Pusher trilogy: "He who lives by the sword, shall die by the sword"
by Fabien Lemercier
26/07/2006 - Danish films seem to be on a mission to invade French screens this summer. After Les Films du Losange, released on August 17, 2005 the first two parts of the trilogy by Per Fly, The Bench and Inheritance, Les Acacias will today release the Pusher trilogy by Nicolas Winding Refn – Pusher (1996), Pusher II: With Blood On My Hands [trailer] (2004) and Pusher III: I’m The Angel of Death [trailer].
With excellent box office takings in Scandinavia, the explosive trilogy on the world of crime by the 35 year-old director had its French premiere in April at the Cognac Detective Film Festival.
The original Pusher starred Kim Bodnia, well-known Danish actor Mads Mikkelsen (Torremolinos 73 [trailer], I Am Dina [trailer] and three films by Anders Thomas Jensen, including Adam’s Apples [trailer, film focus] - see Focus) and Croatian actor Zlatko Buric.

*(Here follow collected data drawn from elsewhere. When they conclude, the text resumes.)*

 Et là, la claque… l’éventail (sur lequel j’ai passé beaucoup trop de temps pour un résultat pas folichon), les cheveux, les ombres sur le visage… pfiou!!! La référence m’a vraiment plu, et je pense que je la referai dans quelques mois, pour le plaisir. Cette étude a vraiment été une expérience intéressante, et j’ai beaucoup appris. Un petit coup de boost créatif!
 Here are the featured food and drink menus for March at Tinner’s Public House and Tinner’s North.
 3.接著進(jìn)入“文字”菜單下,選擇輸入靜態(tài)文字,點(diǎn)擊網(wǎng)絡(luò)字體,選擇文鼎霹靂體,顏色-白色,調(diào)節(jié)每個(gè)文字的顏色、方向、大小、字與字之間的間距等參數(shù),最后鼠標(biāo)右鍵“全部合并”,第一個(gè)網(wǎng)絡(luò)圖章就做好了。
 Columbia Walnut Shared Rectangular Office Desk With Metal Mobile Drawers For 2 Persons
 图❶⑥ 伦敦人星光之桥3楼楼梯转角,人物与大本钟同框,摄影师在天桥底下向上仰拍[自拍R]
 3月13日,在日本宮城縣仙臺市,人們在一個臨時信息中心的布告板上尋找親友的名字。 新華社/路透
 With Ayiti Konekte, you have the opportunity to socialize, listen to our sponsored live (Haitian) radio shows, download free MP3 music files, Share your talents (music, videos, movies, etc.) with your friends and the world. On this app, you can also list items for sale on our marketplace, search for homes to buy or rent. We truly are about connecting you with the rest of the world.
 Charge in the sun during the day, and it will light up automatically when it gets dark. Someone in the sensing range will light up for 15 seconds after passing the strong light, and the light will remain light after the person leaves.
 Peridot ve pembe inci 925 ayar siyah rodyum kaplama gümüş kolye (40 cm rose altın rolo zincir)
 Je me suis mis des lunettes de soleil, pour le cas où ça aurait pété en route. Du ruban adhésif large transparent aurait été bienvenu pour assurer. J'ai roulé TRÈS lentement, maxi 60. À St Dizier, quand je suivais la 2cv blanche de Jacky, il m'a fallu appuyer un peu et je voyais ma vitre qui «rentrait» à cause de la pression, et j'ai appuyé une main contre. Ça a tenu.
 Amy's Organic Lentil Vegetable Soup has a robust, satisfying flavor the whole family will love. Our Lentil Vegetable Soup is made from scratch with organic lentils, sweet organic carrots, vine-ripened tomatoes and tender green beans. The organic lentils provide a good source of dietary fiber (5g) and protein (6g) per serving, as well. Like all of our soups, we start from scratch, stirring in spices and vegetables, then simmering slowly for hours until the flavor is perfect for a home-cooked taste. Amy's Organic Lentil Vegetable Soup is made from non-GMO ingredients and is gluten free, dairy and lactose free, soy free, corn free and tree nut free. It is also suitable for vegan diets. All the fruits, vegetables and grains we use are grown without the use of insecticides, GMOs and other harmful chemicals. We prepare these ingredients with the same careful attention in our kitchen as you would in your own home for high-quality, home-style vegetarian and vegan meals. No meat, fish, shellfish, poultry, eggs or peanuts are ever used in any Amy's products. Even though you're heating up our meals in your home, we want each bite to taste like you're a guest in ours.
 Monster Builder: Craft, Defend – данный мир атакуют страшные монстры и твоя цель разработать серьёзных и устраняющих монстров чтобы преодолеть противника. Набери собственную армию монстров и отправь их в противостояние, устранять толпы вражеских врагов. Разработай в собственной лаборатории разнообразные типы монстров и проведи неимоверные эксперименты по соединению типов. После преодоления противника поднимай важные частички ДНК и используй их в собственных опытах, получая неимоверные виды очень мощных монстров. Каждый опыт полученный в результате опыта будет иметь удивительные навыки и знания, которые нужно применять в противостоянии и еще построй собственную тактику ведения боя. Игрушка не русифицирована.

While Mikkelsen played the leading role in Pusher II, Buric (Dirty Pretty Things by Stephen Frears) is the only actor to have starred in all three films and heads the bill in Pusher III. The latest film, a descent into the emotional hell of a drug dealer who has a head-to-head confrontation with his father, the boss of the gang, recounts the downfall of a drug trafficker with as its backdrop the cynical business world. Refn has linked these three adrenaline-fuelled stories by the principle of "he who lives by the sword, shall die by the sword".
Also opening this Wednesday in France on 40 screens is the German production Antibodies by Christian Alvart, distributed by La Fabrique de Films. This feature about the confrontation between a policeman and a serial killer was selected for New Faces in European Cinema, presented by European Film Promotion at the AFI in Los Angeles in November 2005.